Head should remain erect and avoid stressing facial muscles.
Maintaining one’s strides during the short marathon is a priority ( Van Oeveren, et al., 2017).
Mental training is an essential process in jogging. When running, maintaining one’s strides allows the runner to finish faster, whereas shorter strides are an indication of difficulty and tension ( Ramirez & Kravitz, 2012). Nonetheless, it is crucial to indicate that training is one of the ways through which people can overcome tension and pre-race nerves. Additionally, training is used to prepare the mind of the runner as they pass through the various milestones to improve their form.
Mental speed and attention are essential. Through going for several runs, one builds not only tolerance but also a mental speed and concentration.
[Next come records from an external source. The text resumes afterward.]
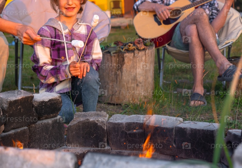 Девушка в клетчатой рубашке жарит зефир на костре во дворе дома, отец играет на гитаре. Вечерние семейные посиделки у костра, пикник на природе в туристических креслах
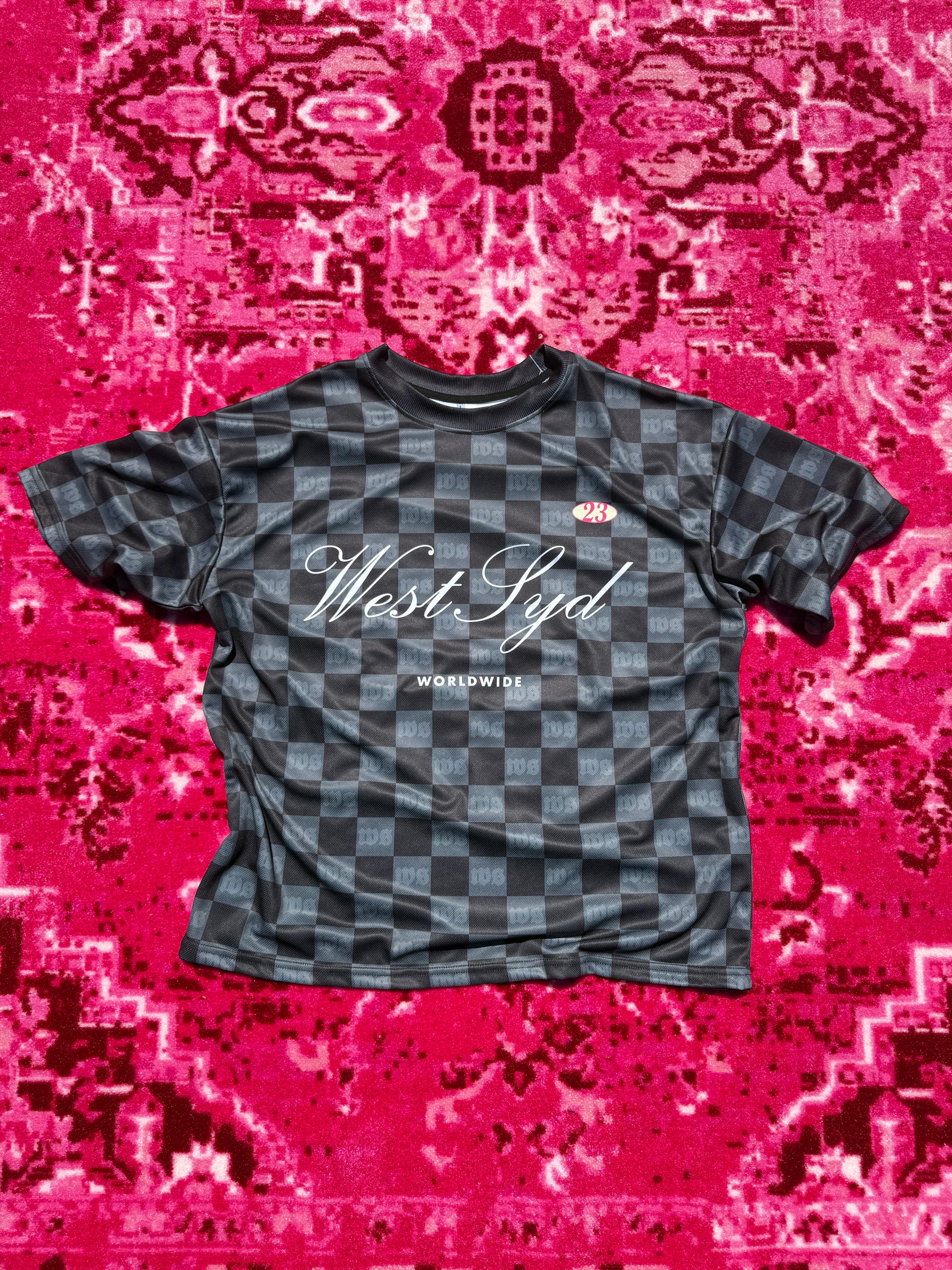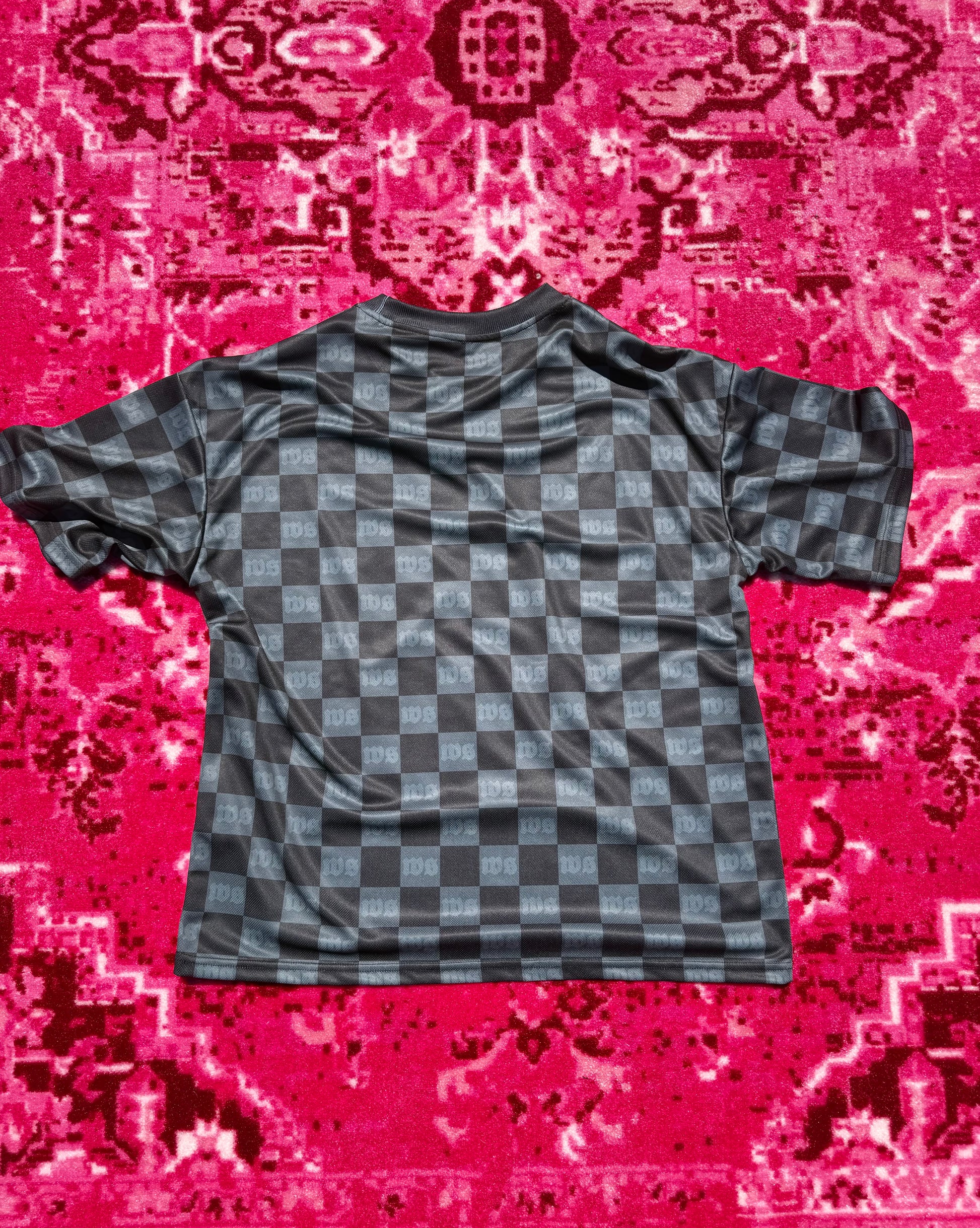 our ‘westsyd checkers’ soccer jersey in black & grey. please note our NFL jerseys are an oversized, drop shoulder, box fit.
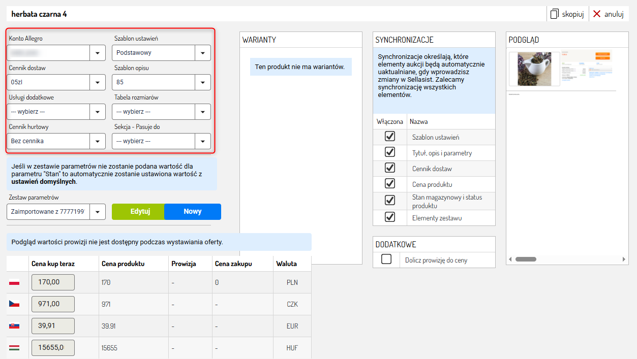 W widoku edycji oferty masz możliwość zapoznania się z ze wszystkimi informacjami dotyczącymi ceny produktu, prowizji czy waluty.
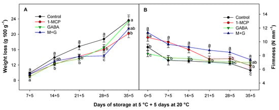 Evolution of weight loss (g 100 g−1) (A) and fruit firmness (N mm−1) (B) of Hass avocado treated with distilled water (control), 1-MCP at 0.3 µL L−1, GABA at 1 mM, and the combination of 1-MCP and GABA (M+G) during storage at 5 °C plus 5 days at 20 °C. The data are the mean ± SE (n = 3). Different lowercase letters show significant differences (p < 0.05) among treatments for each sampling date.
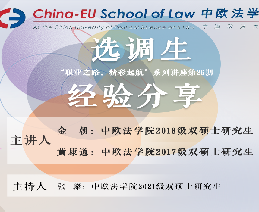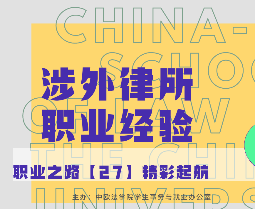 为贯彻落实习近平总书记考察我校重要讲话精神,加强在校学生与法治实际工作者之间的交流,着力激发当代法学青年树立正确就业观念、坚定远大理想信念,勇担时代责任的奋斗精神,2021年12月12日,中欧法学院学生事务与就业办公室线上举办以“涉外律师职业经验分享”为主题的“职业之路·精彩起航”系列讲座第27期,共计155人次聆听学习。(黄敏池校友)本次分享会邀请到中欧法学院2009级校友黄敏池。黄敏池校友2012年从中欧法学院... >>>

These abilities are critical for any athlete. Nonetheless, these skills are also crucial as it improves one’s ability to remember and recollect. Therefore, part of the importance of jogging is an improved cognitive ability.
Running is a form of physical stress aimed at offsetting mental stress. Plato said, “Exercise will cure a guilty conscience” through relieving it from stress. Harvard Health Publishing (2019) describes the relaxation process of jogging as a result of breathing out as a significant source of relaxation. Running requires a limited intake and release of air, to help in the aerobic metabolism. This continued cycle gives the body a sense of relaxation each time the runner exhales.
Dopamine is not the only hormone produced by the brain when running. Endorphins released in the brains have been known to cause the runner’s high. During this trance, the body of the runner is flooded with these hormones leading to reduced stress and increased energy. Additionally, Leptin in low volumes increases one able to compete in track events.
References
Department of Health & Human Services, State Government of Victoria, Australia. (2013). Running and Jogging - Health Benefits . Better Health Channel - Home. https://www.betterhealth.vic.gov.au/health/healthyliving/running-and-jogging-health-benefits
Harvard Health Publishing. (2019, September 24). Exercising to Relax . Harvard Health. https://www.health.harvard.edu/staying-healthy/exercising-to-relax
Ramirez, A., & Kravitz, L. (2012). Resistance training improves mental health. IDEA Fitness Journal , 9 (1), 20-22.
Van Oeveren, B. T., De Ruiter, C. J., Beek, P. J., & Van Dieën, J. H. (2017). Optimal stride frequencies in running at different speeds. PloS one , 12 (10).